Homework. Use Curl to download data, and load
it into ipython to analyze
“Munging” Data
3)
Common preprocessing tools, unix tools sed,grep,
cut, awk, perl, python etc.. Concept of pipeline
processing. Introduction to regular expressions.
In class lab on converting textual data to a CSV file.
Homework. Use unix tools or python to convert
unstructured text file to a csv format file suitable
for loading into Excel, SAS or a data base.
4)
Introduction to Python
a. Primitive data types in python
b. Lists, tuples, arrays, sets, dictionaries
c. Control flow statements
d. Reading and writing files
e. Functions and classes
f. Libraries, matplotlib
g. In class exercise, homework
5)
More Python
a. Regular expressions – how do we extract meaning
from text files
b. Using REs in python
Storing and Managing Data
6)
Introduction to relational data bases. Conceptual
background, Overview of features and functions.

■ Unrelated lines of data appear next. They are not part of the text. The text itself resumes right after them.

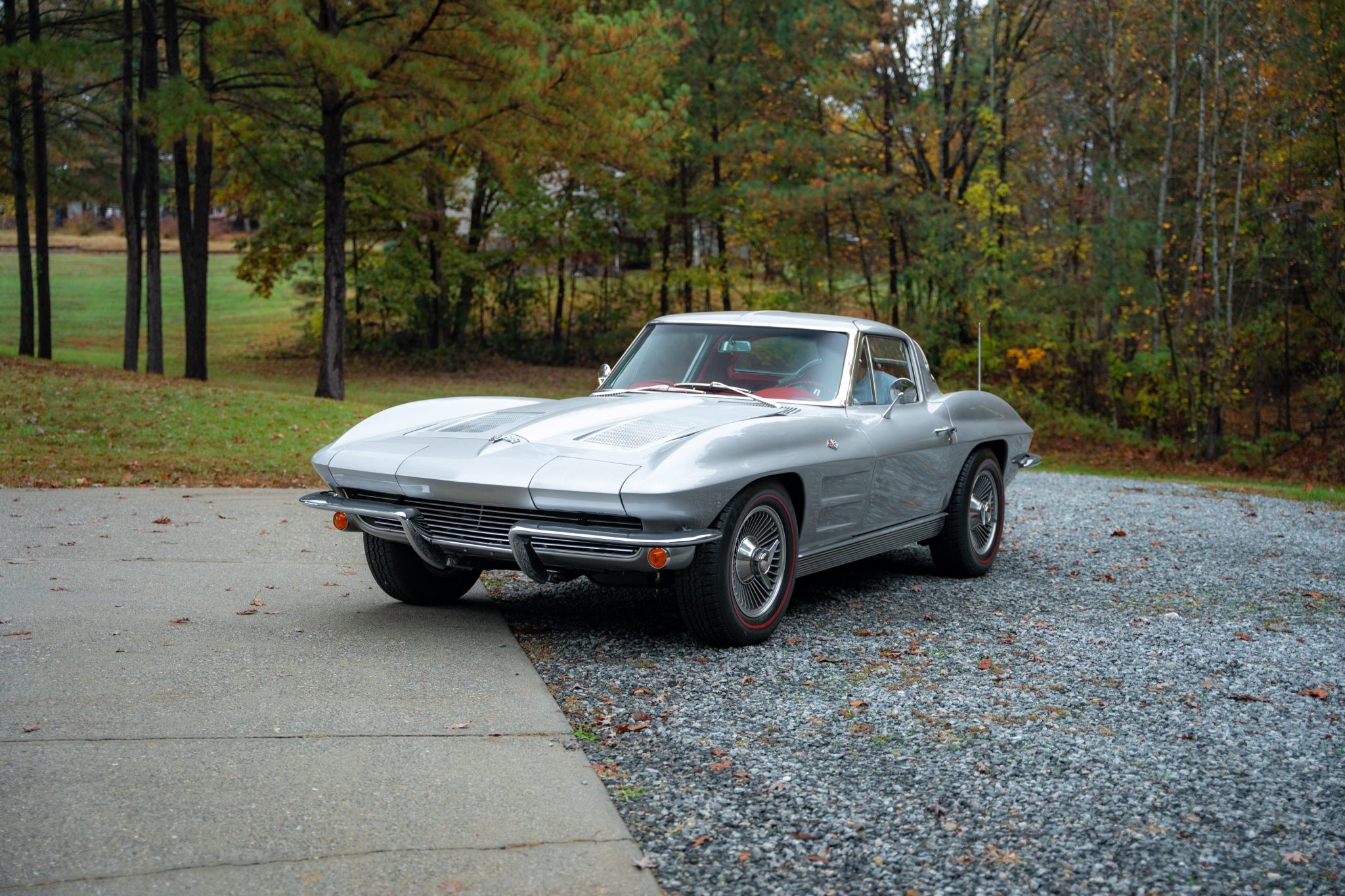 The 15″ turbine-style wheels wear three-eared knock-off spinners and are mounted with 205/70 BFGoodrich Silvertown Radial redline tires. The C2 was the first Corvette to offer fully independent suspension, with upper and lower control arms at the front and a three-link setup with a transverse leaf spring at the rear. The car is equipped with power steering, and braking is handled by power-assisted front disc brakes with rear drums.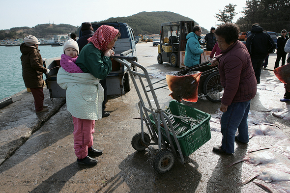 홍어잡이배 선주와 선원들의 표정이 썩 좋지 않다. 요즘 홍어가 많이 잡히지만 그만큼 값이 떨어져 예전의 반값에 경매되고 있기 때문이다.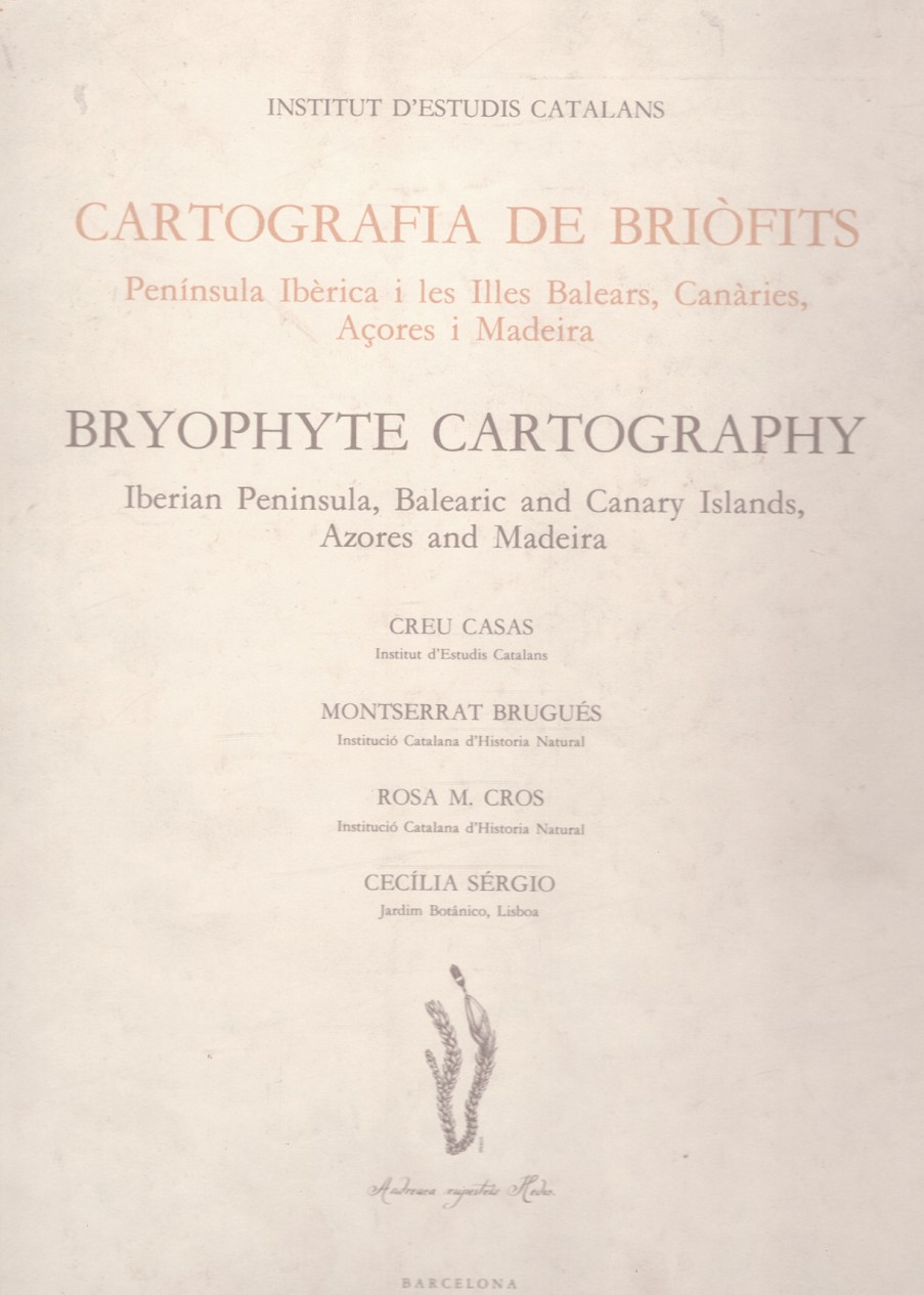 1ª ed. 1996. Barcelona. Textos de Cr. Casas, M. Brugués, R. Mª Cros y C. Sérgio. Fascículo cuarto: Enc. tipo carpeta: dividido en texto 141 pp. y 50 mapas a b/n. Lomo tela. Catalán - Inglés. Mapas de distribución de cincuenta especies de briófitos de la Península Ibérica y las Islas Baleares, Canarias, Azores y Madeira.

Using E/R diagrams to generate “good” data base
designs. Simple queries using SQL. In class exercise,
create an ER diagram of sample system.
Homework. E/R diagram of business case
7)
Query languages, advanced SQL, including joins and
aggregation.
Homework. Use SQL on multi-table data base to
answer questions.
Final Project Proposal due
Analyzing Data
8)
Mid –term
Business Analytics tools, Excel, SAS, matlab, R,
Tableau, Introduction to Pandas
9)
Advanced SQL, introduction to Non-Relational
Databases, NoSQl, Object Oriented, Mongodb,
HBase, Firebase. Python access to databases.
Homework: use Pandas to analyze large data set
10)
Using Python and Pandas to access Relational Data
Bases.
11)
“Big Data”. How do we handle terabytes and
petabytes of unstructured data? Why don’t traditional
data base systems scale?
Overview of Hadoop, HDFS and Map-Reduce.
Problems of handling web and social network data.
Overview of HIVE. New processing models, Spark,
Tez.
Demonstration of sorting a very large file. Wordcount
example in Python. Techniques for analyzing textual
data, TF-IDF transformation for textual data.
12)
Data Visualization. A picture is worth a thousand
words. Show how large amounts of data can be
displayed using graphical techniques. Matplotlib,
Pandas, Tableau
.
13)
Final Project presentations. What did we learn?